Eventually, my wife said, "Maybe you should think about going to Thomas Aquinas College, so you can approach these questions philosophically." "Oh, I'm not really interested in the answers," he replied. "I just like asking questions." This tried my wife's patience. "You're either not honest, or you just like having conversations," she said.

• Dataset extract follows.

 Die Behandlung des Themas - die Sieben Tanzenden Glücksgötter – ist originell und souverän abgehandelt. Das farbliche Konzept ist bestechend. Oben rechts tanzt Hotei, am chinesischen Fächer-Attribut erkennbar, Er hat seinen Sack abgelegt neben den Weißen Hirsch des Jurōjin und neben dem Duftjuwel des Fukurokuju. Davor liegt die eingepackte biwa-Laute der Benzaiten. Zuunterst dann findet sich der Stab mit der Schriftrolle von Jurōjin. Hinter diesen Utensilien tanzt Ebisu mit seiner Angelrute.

A week ago, his mother came over for a visit, and I ended up chatting with her as I struggled to replace a doorknob on our bathroom door. The following are two things she said, and things I didn't say in return, but wish I had. One: "I think a lot of it is just that he's 15." Well and good. But 15 becomes 18 and college and the break from parents that is the first real test to see if one's faith is one's own. It may be a phase, but if he's not sticking close to the sacraments, who's to say the phase won't harden into habit? Without the Eucharist, Mass is just a communal gathering, not communion with the divine. If you're not impressed with the community, why go once Mom and Dad can't make you?

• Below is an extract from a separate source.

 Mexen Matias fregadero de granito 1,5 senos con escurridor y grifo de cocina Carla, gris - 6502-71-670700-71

Two: "It's enough for me that he still says, 'I believe in God.'" I think "I believe in Jesus" would be more comforting. God is easier to hate. It's God, after all, who is so problematic for the boy, God who ignored his prayers, God who had a plan for Judas to betray Christ. Jesus, on the other hand, died for his sake, feeds him with his own flesh and wishes to be his beloved friend. Not to create a false distinction, but for a certain mindset, Jesus is easier to cling to than God -- less far-off, less the Grand Architect.

But I could have done worse. Granted, I was witnessing to the mom and not the son, but I did manage to make a couple of worthwhile points: first, theology is not for everyone. Mistakes made there are more costly than in any other intellectual pursuit. Even to begin inquiring necessitates a certain formation -- Augustine said we ought to be familiar with the whole of scripture before we start to interpret, and that's just for starters. The boy's troubles with free will are understandable, and not to be brushed aside with the simple assertion that God makes us free. We say we can do no good apart from God -- His grace is required. So what happens when He doesn't give the necessary grace? But then He also says, "My grace is sufficient for you." And we haven't even started on Augustine and the predestination of the saints.

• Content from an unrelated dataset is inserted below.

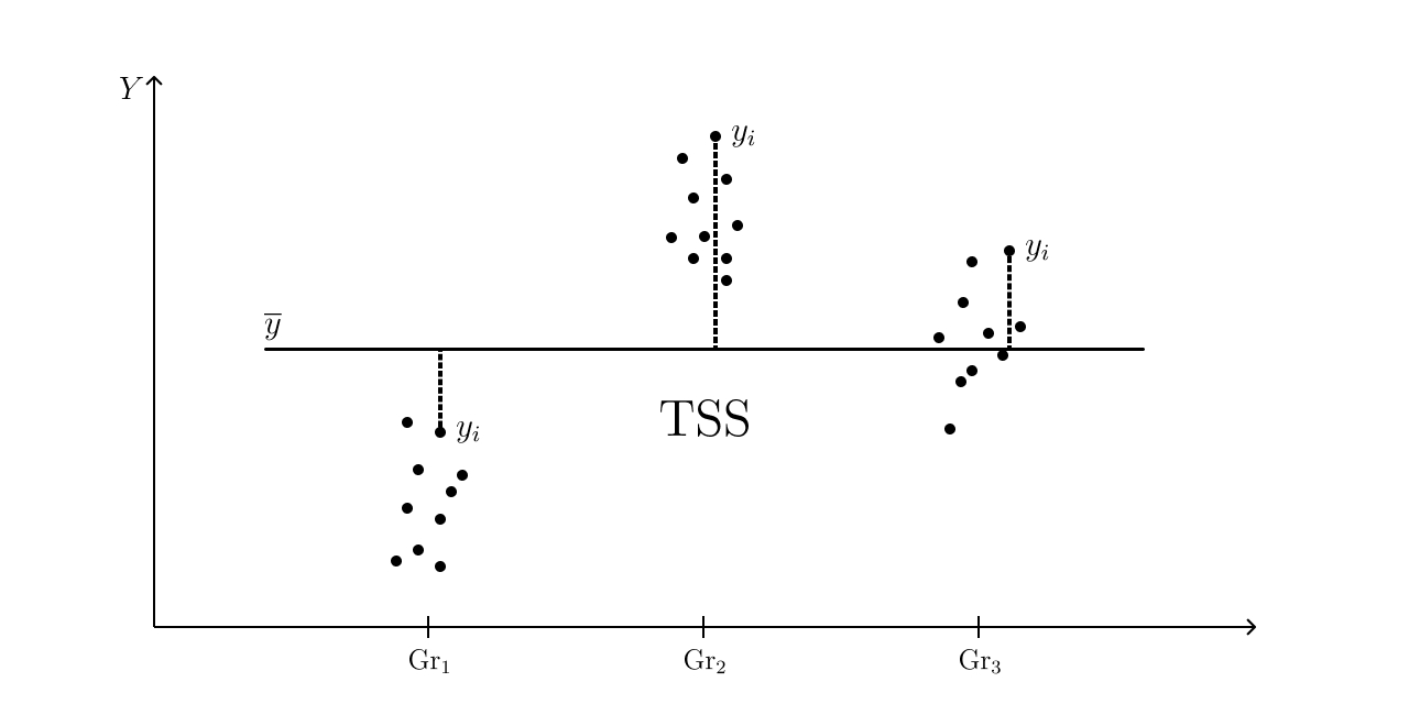 Прежде всего, есть общая изменчивость, или общая сумма квадратов (total sum of squares, TSS) которая складывается из [сумм квадратов] отклонений от общего среднего:

Even when there is no error, theology is rarely the way to sanctity. Knowing about God is not knowing God. Study is not prayer. When we say that to know God is to love Him, we're not talking about the distinguishing of persons in the Trinity.

It's tempting to tell the boy to accept that he's 15 and in thrall to his passions -- in this case, anger over the death of his grandfather. That he needs to get over himself and accept that his understanding is limited, and should not be employed as the measure of the Faith. But what I think I'll actually say is this: The first time I read the name of Flannery O'Connor was in the liner notes to a Christian (in this case, Catholic) rock album, Steve Taylor's I Predict 1990. (This was in 1987; I was 14.) The last song on the album was a ballad entitled "Harder to Believe Than Not To." The title was taken from O'Connor's statement in a letter that "it's much harder to believe than not to believe." Your family is Catholic, so you see unbelief as outside the norm, appealing to a teenager struggling for identity. But there are a thousand reasons not to believe. Quit flirting with despair and start digging for faith.